The modular construction market size is estimated at $63.76 billion in 2024 and is expected to reach $97.13 billion by 2029. [1]

How does modular construction work? It is a process in which standardized, repeated components of a structure, also commonly referred to as prefabricated units, are built in an off-site facility and then transported to the site where they are assembled. The modular construction industry has been experiencing significant growth in the Asia Pacific region, but the increase in logistics costs and risk in transportation is expected to affect the overall process.

One of the key drivers for the growth in modular construction projects is urbanization. A global housing crisis fuelled by high interest rates, inflation, supply chain issues and labor shortages continue to be a burden for many construction projects. And modular construction is a cost-effective way to meet this demand.
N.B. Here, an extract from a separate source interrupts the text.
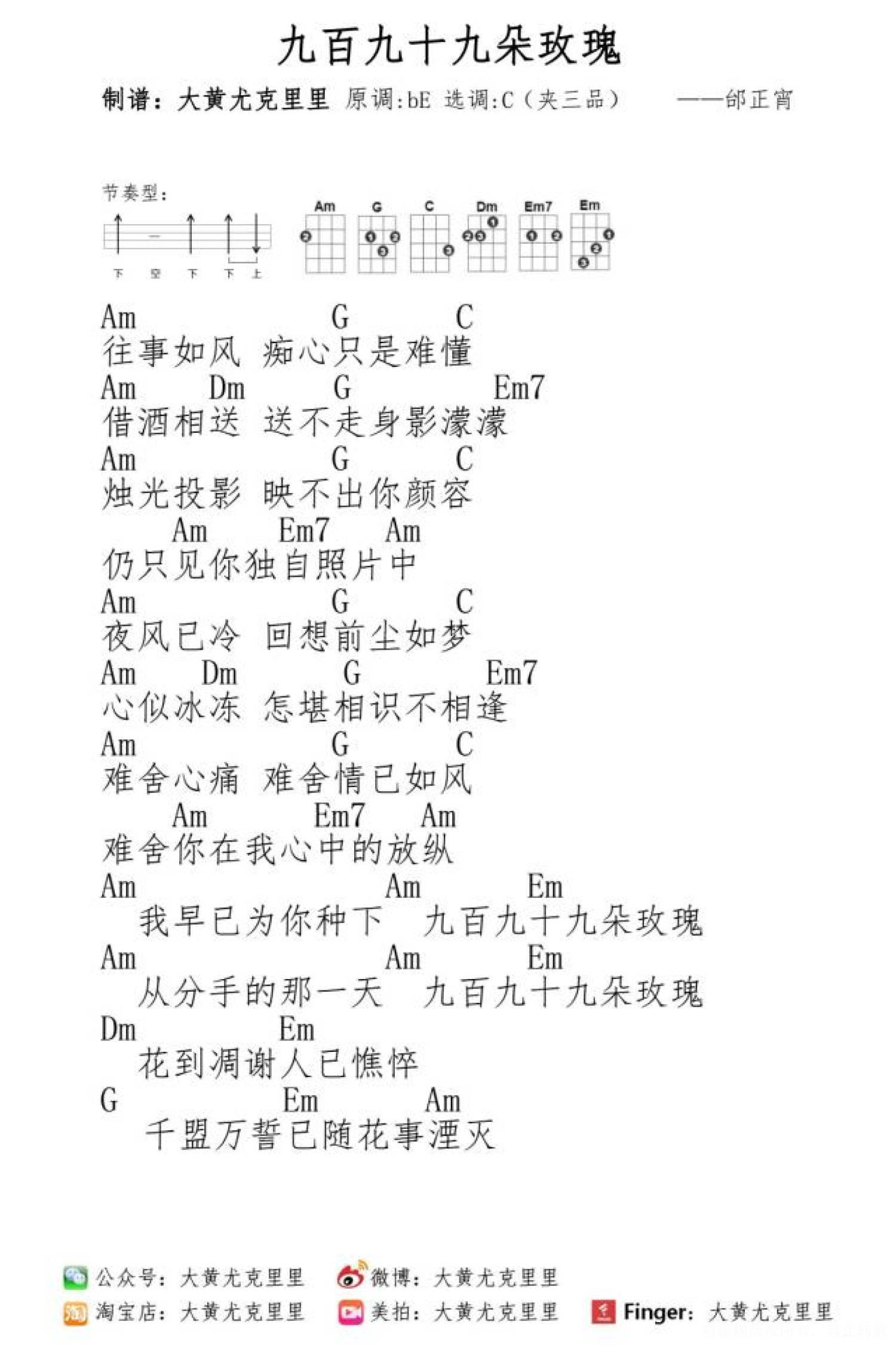 曲谱介绍: 九百九十九朵玫瑰尤克里里谱

Modular construction methods have significant advantages from a safety, time control, budget and sustainability perspective, all leading to increased productivity. That’s precisely what the construction industry has been focusing on, implementing more sustainable processes which reduce wastage and increase safety measures. Modular construction is also a great solution to the labor shortage the industry has been experiencing on a global scale.
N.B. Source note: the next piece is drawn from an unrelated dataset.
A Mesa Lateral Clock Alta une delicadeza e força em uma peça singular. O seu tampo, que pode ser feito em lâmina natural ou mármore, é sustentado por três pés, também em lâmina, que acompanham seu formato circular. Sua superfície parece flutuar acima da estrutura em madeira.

However, there are certain risks associated with modular construction that require preparation and a robust strategy to help mitigate them.

Transportation risks

  • Concentration of value – The value of a single module can be significant with values of $400 million being known. With smaller valued module units there could still be multiple module units shipped on one vessel leading to a high accumulated value. As a result, care needs to be taken to ensure that any Project Cargo Insurance policy has adequate limits.
  • Transport implications – The weights and dimensions of module units can result in a complicated transportation process to the project site. Specialist heavy lift vessels or barges may be required and therefore possible adverse weather conditions become a higher risk factor, particularly for barging. Care and attention in the form of a good transportation method statement (frequently including a route survey) is needed to help reduce/minimise the risk of loss/damage during the transportation process.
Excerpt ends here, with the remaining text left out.